In summary, significant progress has been made in recent years in the field of ethnic clothing image classification, covering a variety of methods and technologies. Deep learning techniques such as CNN have been widely applied in ethnic clothing image classification, effectively improving classification accuracy through methods such as multi-scale convolution and pooling operations. Additionally, some studies have further enhanced classification performance through techniques such as multimodal fusion, transfer learning, and generative adversarial networks, while also addressing issues such as data scarcity and generalization performance. Furthermore, specific optimization methods have been proposed for the characteristics of ethnic clothing images, such as complexity and diversity, including feature aggregation weighting, iterative clustering, and graph convolutional networks, to further improve classification performance. These studies not only provide new insights and technical references for the field of ethnic clothing image retrieval but also make important contributions to the preservation and inheritance of ethnic clothing culture. However, previous research has mainly focused on ethnic clothing image classification, leaving a relatively limited study on Zhuang ethnic clothing images.

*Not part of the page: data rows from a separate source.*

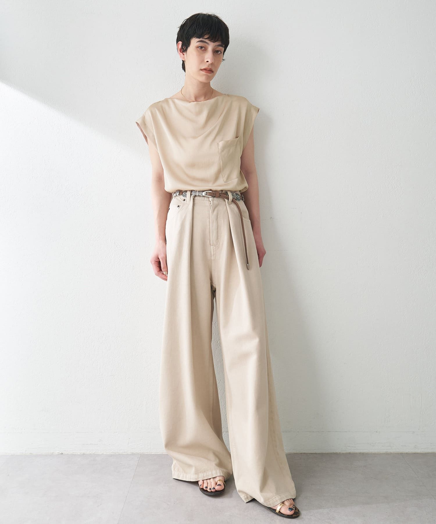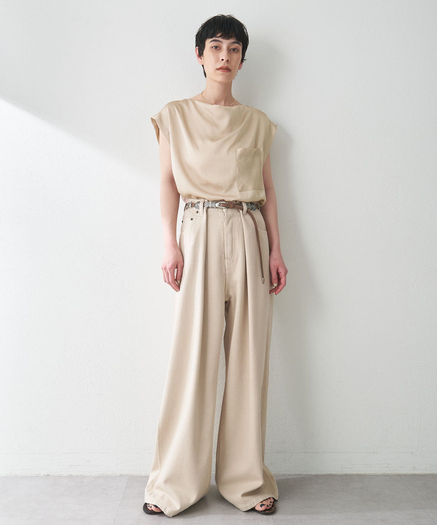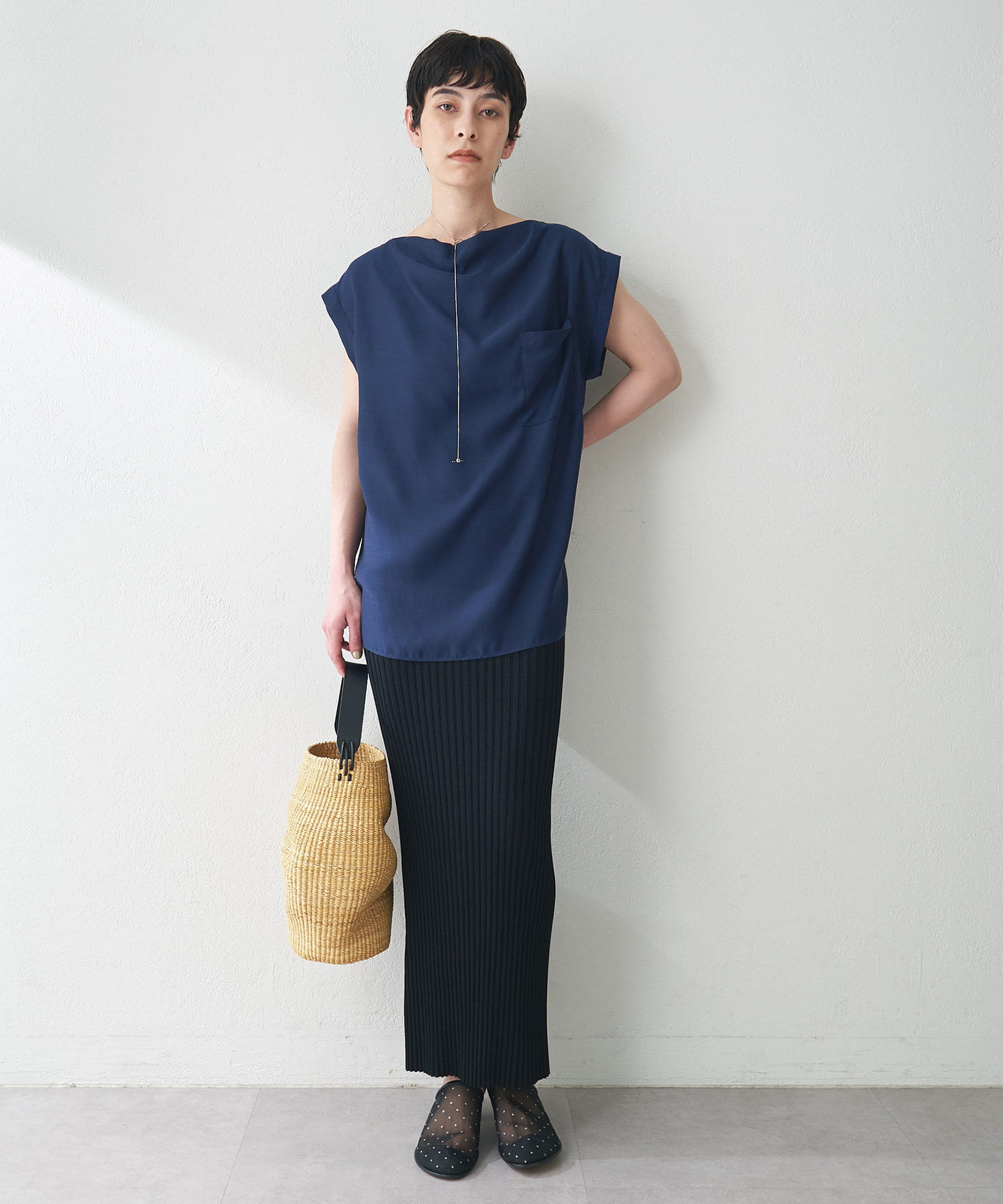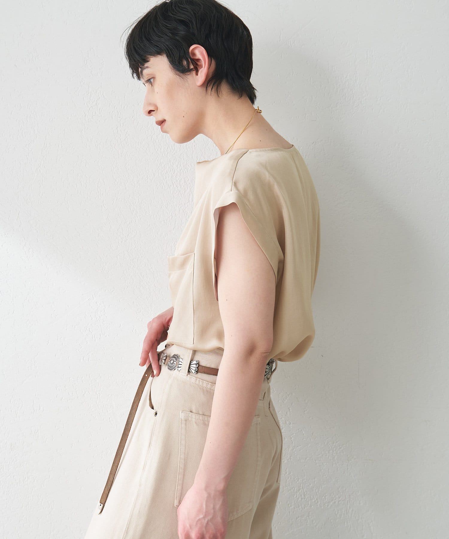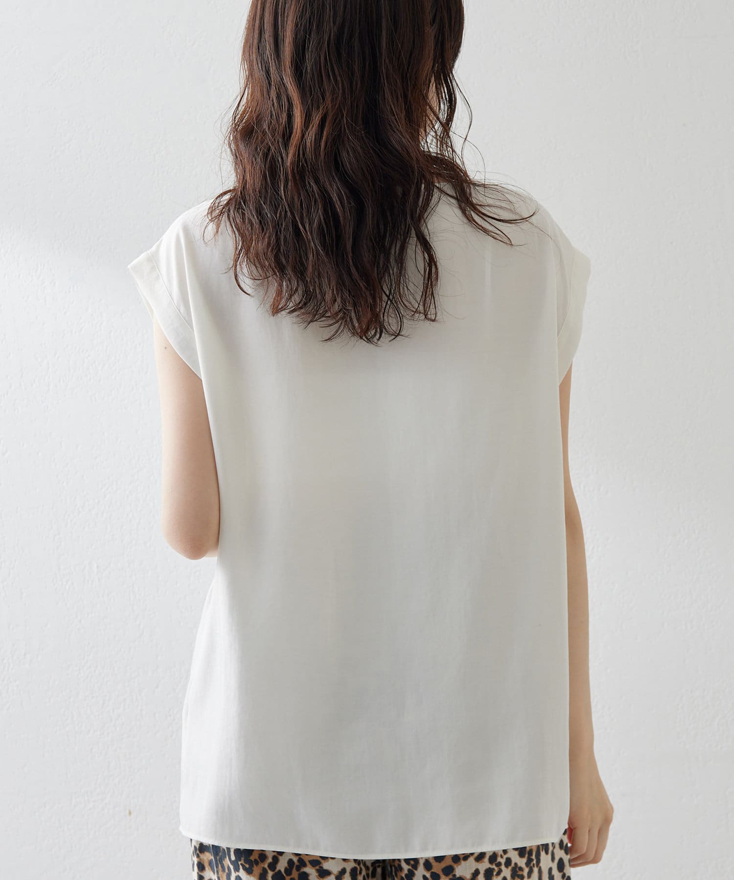 ■ゆったりとしたシルエットがリラクシーなノースリーブブラウス。
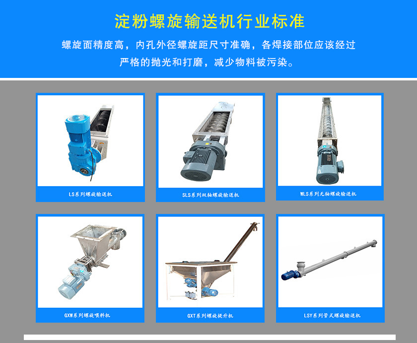 淀粉螺旋輸送機(jī)主要由驅(qū)動(dòng)裝置、螺旋、頭節(jié)、中間節(jié)、尾節(jié)、進(jìn)、出料裝置等組成。
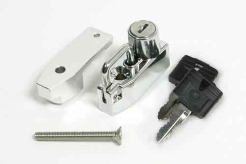 コンビニフック部に取付けることが出来るヘルメットホルダーです。コンビニフックとしての機能を損なわず、メットインスペースに収納出来ないヘルメット等、盗難防止ホルダーとして最適です。 ベース部はアルミを削り出した完成度の高い仕上がりにアルマイトを施しています。ホルダー部はメッキ ヘルメットホルダー専用のキー2本が付属。

Design of a CNN-based algorithm for Zhuang ethnic clothing image classification

Zhuang ethnic clothing

Traditional attire of the Zhuang people predominantly features three main colors: blue, black, and brown. Renowned for its unique style and rich cultural characteristics, Zhuang clothing is famous worldwide. Men often wear black or blue buttoned short shirts, paired with loose Chinese-style trousers and traditional grass shoes or cloth shoes with cut-out designs, topped with a black cloth cap. Women typically wear black headscarves, diagonally buttoned tops, and wide black trousers, complemented with exquisite embroidered shoes and Zhuang brocade cylindrical bags. They often adorn themselves with silver necklaces, silver bracelets, and other accessories, showcasing a strong ethnic flavor. The commonly seen Zhuang brocade in their attire, known for its exquisite craftsmanship and unique patterns, adds a distinctive charm to the entire ensemble, becoming a highlight of Zhuang culture. Typical traditional Zhuang attire is illustrated in Fig. 1.

Figure 1
figure 1

Zhuang ethnic clothing.

Resolution of Zhuang ethnic clothing images based on supply-demand matching and convolutional networks

Zhuang ethnic clothing, characterized not only by its structural complexity but also by a distinctive visual style, presents significant differences in color blocks and style categories within images. The intricate local features, coupled with numerous semantic labels, add complexity to the resolution task. Such intricacies result in a noticeable “semantic gap” between low-level features and high-level attributes, impacting the accuracy and precision of current resolution methods22,23.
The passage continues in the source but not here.